Now the TwitterViewFs namespace is defined. However, at this stage ViewFs links pointing to hdfs nameservices cannot be used by the DFSClient yet. In order to make HA nameservice URIs resolvable, we need to merge the relevant HDFS client configuration from all hdfs-site.xml files in C’-DC’ directories. Here’s how we do this:

  1. HDFS uses the key dfs.nameservices to store a comma-separated list of all the nameservices DFSClient needs to resolve. We append the values of all C’-DC’ to the dfs.nameservices value of the current cluster. We typically have 3-4 namespaces per cluster.
  2. All namespace-specific parameters in HDFS carry the namespace somewhere in the suffix. Twitter namespace names are unique and mnemonic enough that a simple heuristic of copying all key-value pairs from C’-DC’ where the key name begins with “dfs” and contains one of the nameservices from Step A is sufficient.

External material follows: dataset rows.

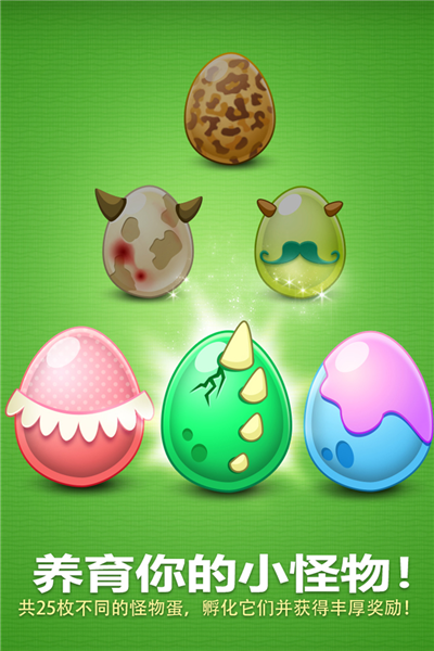 3、怪物养成系统,把收集来的怪物蛋孵化成萌死人的怪物宝宝,把它们养大后将会解锁隐藏地图!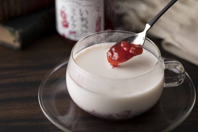 また、濃縮タイプのためさまざまなアレンジを楽しむこともできる。牛乳の代わりにヨーグルト、豆乳、アーモンドミルクなどを入れてヘルシーに。寒さが続くいまの時期には、温かいいちごミルクでほっと一息。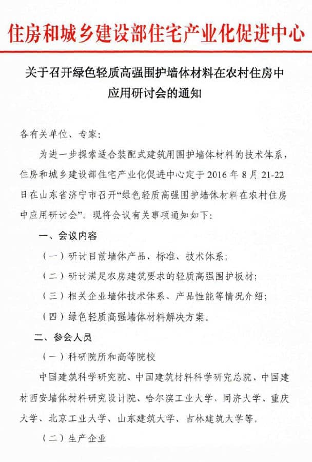 為進一步探索適合裝配式建筑用圍護墻體材料的技術體系,住房和城鄉(xiāng)建設部住宅產業(yè)化促進中心定于2016年8月21-22日在山東濟寧市兗州區(qū)召開“綠色輕質高強圍護墻體材料在農村住房中應用研討會”。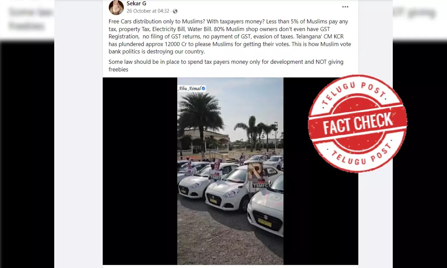 The claim goes as “Free Cars distribution only to Muslims? With taxpayer's money? Less than 5% of Muslims pay any tax, property Tax, Electricity Bill, or Water Bill. 80% of Muslim shop owners don't even have GST Registration, no filing of GST returns, no payment of GST, and evasion of taxes. Telangana's CM KCR has plundered approx 12000 Cr to please Muslims to get their votes. This is how Muslim vote bank politics is destroying our country.

Now we have a working TwitterViewFs with all clusters accessible via the /DC/C/path convention regardless of whether a specific C is a Hadoop 1 or a Hadoop 2 cluster. A powerful example of this scheme is to check the quota of home directories on all clusters in one single command: hadoop fs -count ‘/{dc1,dc2}/*/user/gera’

We can also easily run fsck on any of the namespaces without remembering the exact complex URI: hadoop fsck /dc1/c1/user/gera

We want a consistent experience when working with the local filesystem and HDFS. It is much easier to remember conventional commands such as cp than “syntactic-sugar commands” such as copyFrom/ToLocal, put, get, etc. A regular hadoop cp command requires a full file:/// URI and that is what the syntactic sugar commands try to simplify. When mounted with ViewFs even this is not necessary. Similar to how we add ViewFs links for the cluster /DC/cluster, we add ViewFS links to the TwitterViewFs configuration such as:

Then, copying a file from a cluster to a local directory looks like:
hadoop fs -cp /user/laurent/debug.log /local/user/laurent/

The simple, unified cross-DC view on an otherwise fragmented Hadoop namespace has pleased internal users and sparked public interest.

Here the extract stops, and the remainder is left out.